IMO, the various blogs and tutorials out there that help to make sense of the C++11 memory model make better tutorials than the Linux kernel's own shenanigans.

The C++11/C11 memory model added memory_order_consume specifically to support the Alpha.

https://preshing.com/20140709/the-purpose-of-memory_order_co...

gpderetta · on Nov 21, 2019

> The C++11/C11 memory model added memory_order_consume specifically to support the Alpha.

yes and no. Alpha is relevant because it is the only architecture where consume requires an explicit barrier, but then again, I think the revised C++11 memory model might not even be fully implementable on Alpha;

Consume primarily exist because acquire is very expensive to implement in traditional RISCs like POWER and 32 bit ARM, while consume can be implemented with a data or control dependency. Aarch64 has efficient acquire/release barriers, so it is less of an issue.

/pedantic

brandmeyer · on Nov 21, 2019

No, that's not pedantic, its a fair point.

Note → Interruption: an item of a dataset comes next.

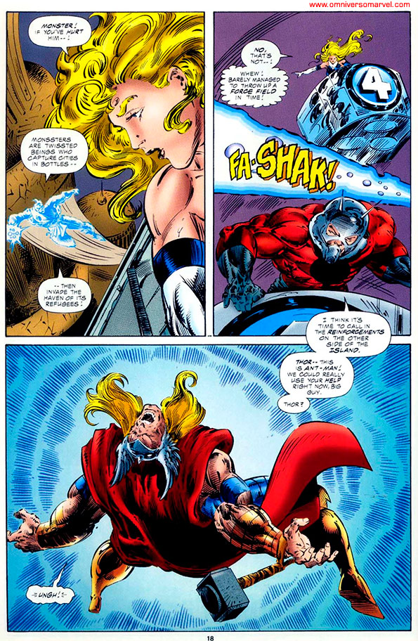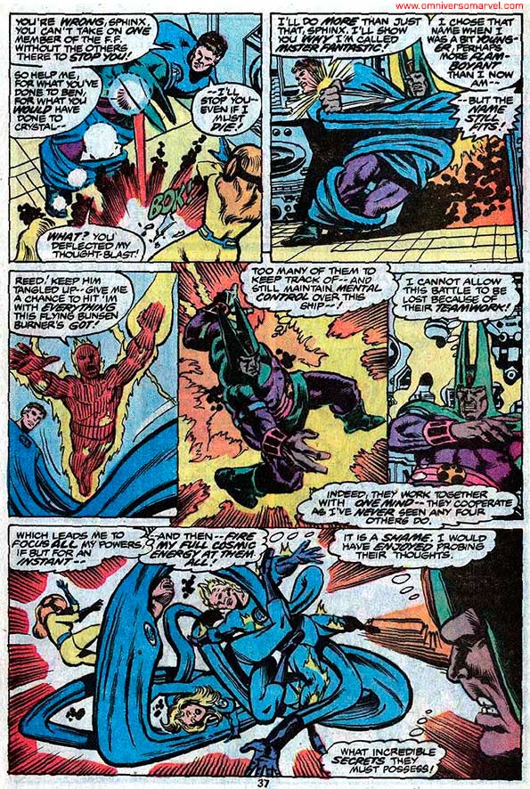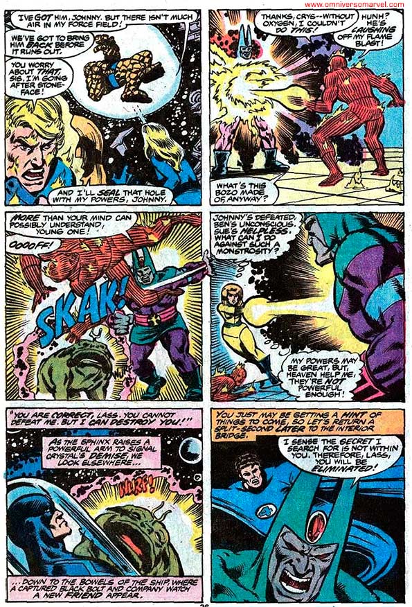 Tan sólo el sonido de una simple silaba ha tenido suficiente poder para desprender los cimientos de toda la ciudad de Attilan. 4F:v1:240. [Imagen1][Imagen2].

acq/rel remains efficient on a platform that doesn't need barriers to implement it (ie, x86).

consume remains efficient on a platform that doesn't need barriers to enforce a dataflow dependency (ie, ARMv7).

p_l · on Nov 22, 2019

C++11/C11 are not implementable on Alpha CPUs that don't have BWX extensions, BTW.

This is because it requires individual bytes to be accessible in atomic way between multiple threads, which without BWX is not possible on Alpha, which started out with minimum 32bit read/writes.

gpderetta · on Nov 22, 2019

yes, but even beyond that, I think think there were changes and/or clarifications to the semantics of releaxed atomics that made the straightforward no-barriers-at-all implementation on alpha non-conformant strictly speaking. But I might be misremembering.

ridiculous_fish · on Nov 21, 2019

memory-barriers.txt from Linux is a lovely way to be introduced to memory barriers in general, and the Alpha memory model in particular.

https://github.com/torvalds/linux/blob/master/Documentation/...

rawoke083600 · on Nov 21, 2019

Man I just LOVE how the linux kernel can have such detailed and important information in a simple TEXT file. Fantastically functional and prove they focusing on the right stuff.

At my previous company. I would have to spend the better part of a day to get my "documentation" in the "correct" Confluence Style And Manner. They were adamant THAT'S were the value is, to have documentation is the most beautiful and absurd style" and double-linked structure. You would have to block out a day or two in your scrum(what nonsense) just to focus on your documentation. And this is not some sort of important* software like Linux or Banking... but a stupid website.